A little before 7:30 a.m. on April 6, vehicles lined the streets for blocks surrounding Wellington Community Church — a clue that the 2013 9HealthFair was off to a busy start. The first of a series of 9HealthFairs in Northern Colorado, the event also took place in Windsor on this day.
Lots of volunteers, identified by their bright red T-shirts, directed traffic and manned booths offering information on everything from stroke prevention to ovarian cancer awareness. There was a short wait for blood pressure checks, and a longer line for low-cost blood screening.
Girl Scouts, Delaynie Greiman, a fourth grader at Eyestone Elementary, and Ashton Noyer, a sixth grader at Wellington Middle School, greeted attendees with big smiles and plastic bags they’d need to carry home giveaway items.

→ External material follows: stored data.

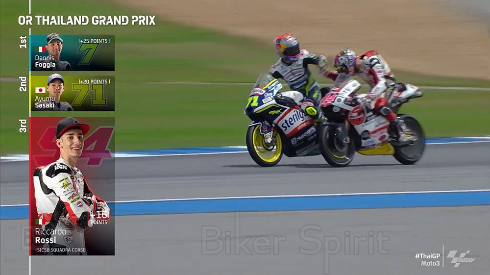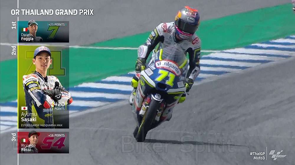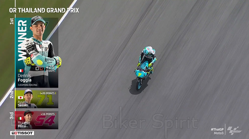 Ο αναβάτης της Honda Leopard Team διατήρησε το προβάδισμα του αγώνα, χάνοντας το μόνο σε μία στροφή, περνώντας τη γραμμή τερματισμού μπροστά από τους Ayumu Sasaki (Husqvarna Max Racing Team) και Riccardo Rossi, που έκλεισαν το βάθρο στην Ταϊλάνδη!
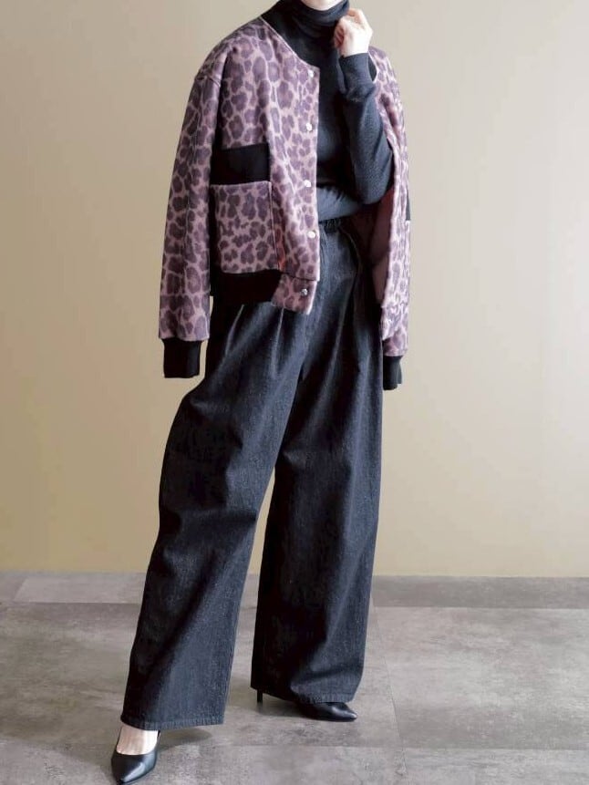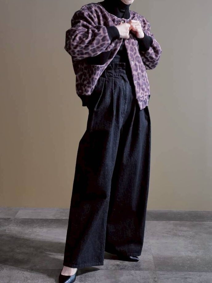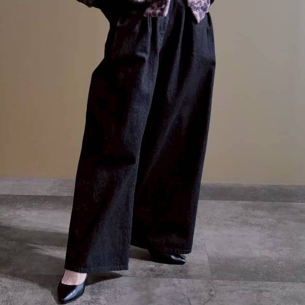 ワイドシルエットが特徴的で、足元をヒールと合わせるとエレガンスに
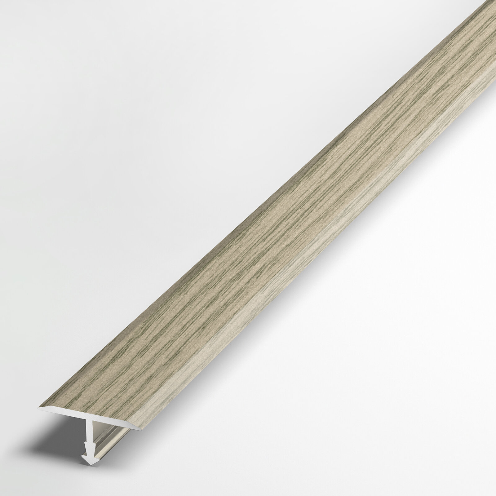 Порожек Т-образный алюминиевый гибкий для напольных покрытий, ширина 20мм, длина 2,7м лука ламинированный ЛС 10.2700.4046 (Дуб мелфорд грей)
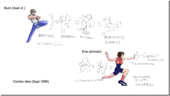Koshiro shared both of the images, which are dated September 1999, on his Twitter account. The first image shows the four main characters that were proposed. While the second image shows combo ideas for two of the characters – one is the son of Axel and is called Burn, while the woman is called Erie and is said to be a “shinobi.”
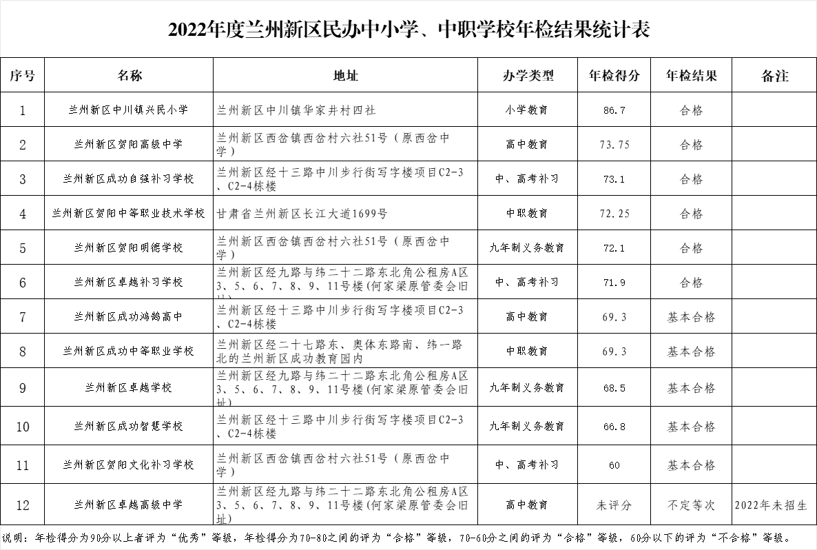 兰州新区管理的3所民办学历学校23年度年检结果未查到,22年度年检结果为:兰州新区贺阳高级中学(合格),兰州新区成功鸿鹄高级中学(基本合格),兰州新区卓越高级中学(未评分,22年未招生)。
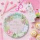 Add a touch of desert charm to your table decor with a design that captures the modern beauty of desert botanicals, making it ideal for a chic and memorable bridal shower suite. This paper plate features a lovely watercolor wreath, meticulously crafted with succulents in a delightful array of pale green, rich dark green, and delicate pink hues. These vibrant succulents pop beautifully against a blush pink background, creating a sophisticated and harmonious palette. Easily change the details to your own and if you would like to, change the font style, size, colour and placement.
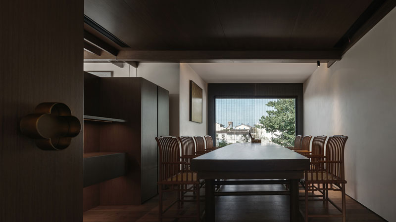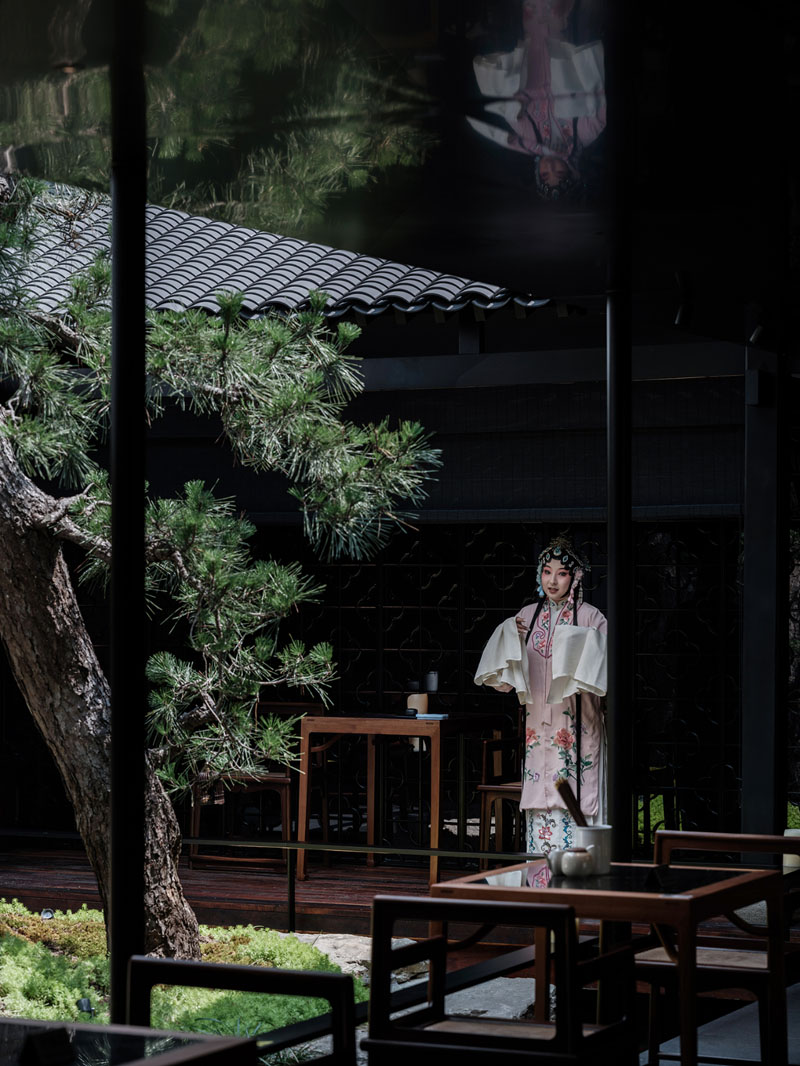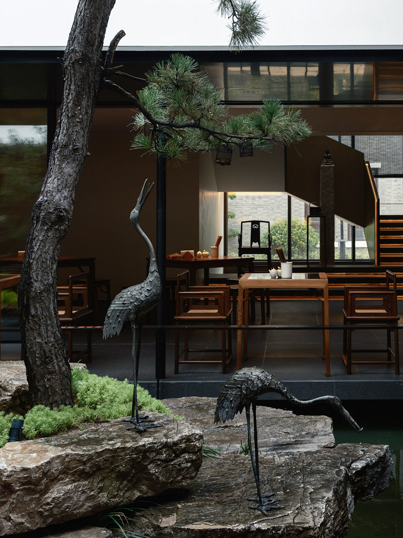 宋代的房梁榫卯結(jié)構(gòu),明代的定制實(shí)木家具,用現(xiàn)代中式留白與置景手法,構(gòu)建了一個(gè)跨越時(shí)空的對話空間。

Anthony Petterson, a regular at 9HealthFairs, came from Fort Collins. “I do this for my own peace of mind,” he said as his blood pressure was checked by volunteer Robert Walton, a nursing student from the University of Northern Colorado.
First-time volunteer Kelley Delaney, a Cross-Fit coach in Eaton, checked blood pressure for Monique Allen, who says she attends the fair every couple of years.
Lisa Smith, a Wellington resident and teller at First National Bank in Fort Collins, had her blood drawn by experienced volunteer Linda York, a registered nurse who works at the Eye Center of Northern Colorado.
Vivacious, smiling registered nurses, Sherri Schroeder and Kimarie Brown, provided an opportunity for anyone to ask questions anonymously.
“Sometimes people have a question they are embarrassed to ask their own doctor,” Schroder explained. “Being anonymous takes the edge off for them.”
For example, Schroder said she has received questions regarding sexually transmitted diseases. Brown says there’s plenty of misinformation out there. Both women work at Poudre Valley Hospital. Brown also works at Colorado State University Student Health Service.
New this year, Brown initiated distribution of an information sheet with a list of online resources and general health information helpful for volunteers and Fair participants. It covers available resources in 31 different health areas.
Veteran 9HealthFair organizer Amber Wich said the health fair always draws a crowd. “We’re busiest right when the doors open, then things usually level off for a while before the crowd increases again as we approach closing time.”
Wich says Fair participants are particularly interested in blood pressure screening which is free of charge and can quickly identify issues that may need further medical attention.